Task details:
Restate the data word for word and leave the images out.

Data excerpt:

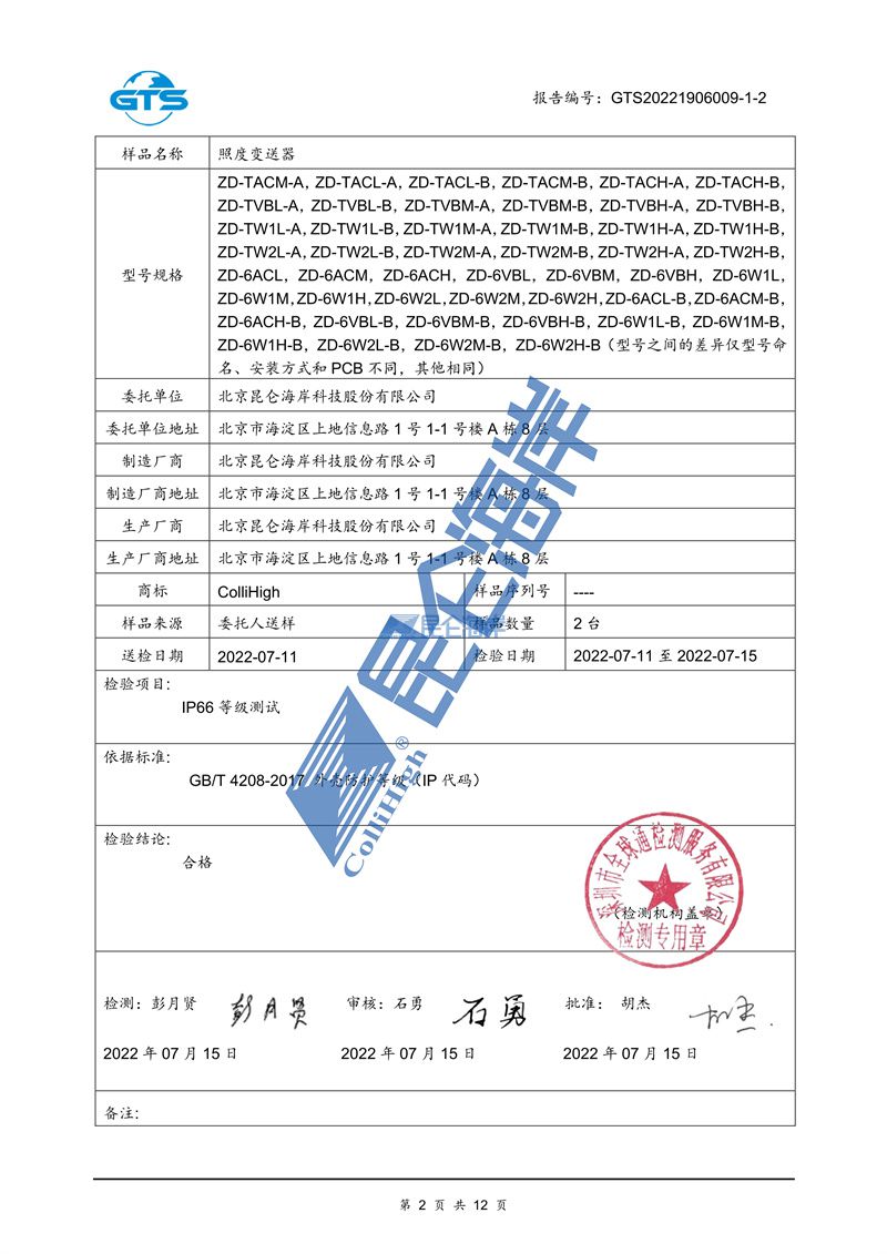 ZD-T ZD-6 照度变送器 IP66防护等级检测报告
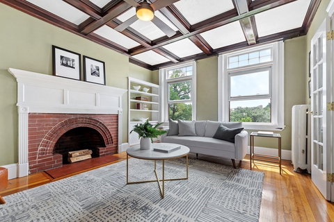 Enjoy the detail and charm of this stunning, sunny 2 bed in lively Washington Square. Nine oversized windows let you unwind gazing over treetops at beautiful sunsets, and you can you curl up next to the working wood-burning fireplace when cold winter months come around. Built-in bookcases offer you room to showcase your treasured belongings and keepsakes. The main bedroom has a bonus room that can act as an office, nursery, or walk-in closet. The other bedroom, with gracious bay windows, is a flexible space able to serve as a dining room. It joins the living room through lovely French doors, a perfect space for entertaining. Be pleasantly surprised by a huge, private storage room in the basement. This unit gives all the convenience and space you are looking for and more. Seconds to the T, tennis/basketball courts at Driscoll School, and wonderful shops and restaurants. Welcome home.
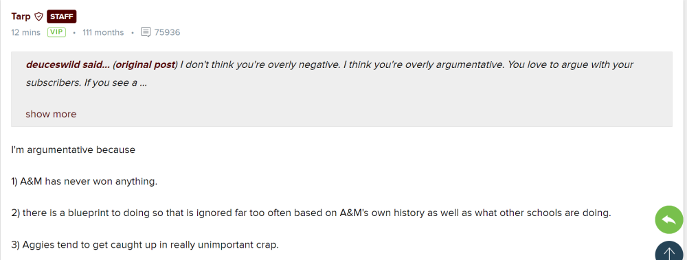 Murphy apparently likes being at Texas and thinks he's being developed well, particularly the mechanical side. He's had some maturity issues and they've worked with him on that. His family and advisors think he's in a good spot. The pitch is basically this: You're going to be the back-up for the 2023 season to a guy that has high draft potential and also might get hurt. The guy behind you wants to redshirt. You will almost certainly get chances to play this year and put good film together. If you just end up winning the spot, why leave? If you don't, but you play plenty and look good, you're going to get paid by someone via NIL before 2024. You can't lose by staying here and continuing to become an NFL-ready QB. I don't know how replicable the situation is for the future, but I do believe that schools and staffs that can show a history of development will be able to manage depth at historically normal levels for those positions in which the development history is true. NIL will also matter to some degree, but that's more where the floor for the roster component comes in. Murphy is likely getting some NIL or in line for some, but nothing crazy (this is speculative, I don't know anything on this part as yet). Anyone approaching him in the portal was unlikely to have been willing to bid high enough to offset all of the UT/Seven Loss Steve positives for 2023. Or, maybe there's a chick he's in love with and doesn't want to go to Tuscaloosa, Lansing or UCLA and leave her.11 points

Task output:
 ZD-T ZD-6 照度变送器 IP66防护等级检测报告
 Enjoy the detail and charm of this stunning, sunny 2 bed in lively Washington Square. Nine oversized windows let you unwind gazing over treetops at beautiful sunsets, and you can you curl up next to the working wood-burning fireplace when cold winter months come around. Built-in bookcases offer you room to showcase your treasured belongings and keepsakes. The main bedroom has a bonus room that can act as an office, nursery, or walk-in closet. The other bedroom, with gracious bay windows, is a flexible space able to serve as a dining room. It joins the living room through lovely French doors, a perfect space for entertaining. Be pleasantly surprised by a huge, private storage room in the basement. This unit gives all the convenience and space you are looking for and more. Seconds to the T, tennis/basketball courts at Driscoll School, and wonderful shops and restaurants. Welcome home.
 Murphy apparently likes being at Texas and thinks he's being developed well, particularly the mechanical side. He's had some maturity issues and they've worked with him on that. His family and advisors think he's in a good spot. The pitch is basically this: You're going to be the back-up for the 2023 season to a guy that has high draft potential and also might get hurt. The guy behind you wants to redshirt. You will almost certainly get chances to play this year and put good film together. If you just end up winning the spot, why leave? If you don't, but you play plenty and look good, you're going to get paid by someone via NIL before 2024. You can't lose by staying here and continuing to become an NFL-ready QB. I don't know how replicable the situation is for the future, but I do believe that schools and staffs that can show a history of development will be able to manage depth at historically normal levels for those positions in which the development history is true. NIL will also matter to some degree, but that's more where the floor for the roster component comes in. Murphy is likely getting some NIL or in line for some, but nothing crazy (this is speculative, I don't know anything on this part as yet). Anyone approaching him in the portal was unlikely to have been willing to bid high enough to offset all of the UT/Seven Loss Steve positives for 2023. Or, maybe there's a chick he's in love with and doesn't want to go to Tuscaloosa, Lansing or UCLA and leave her.11 points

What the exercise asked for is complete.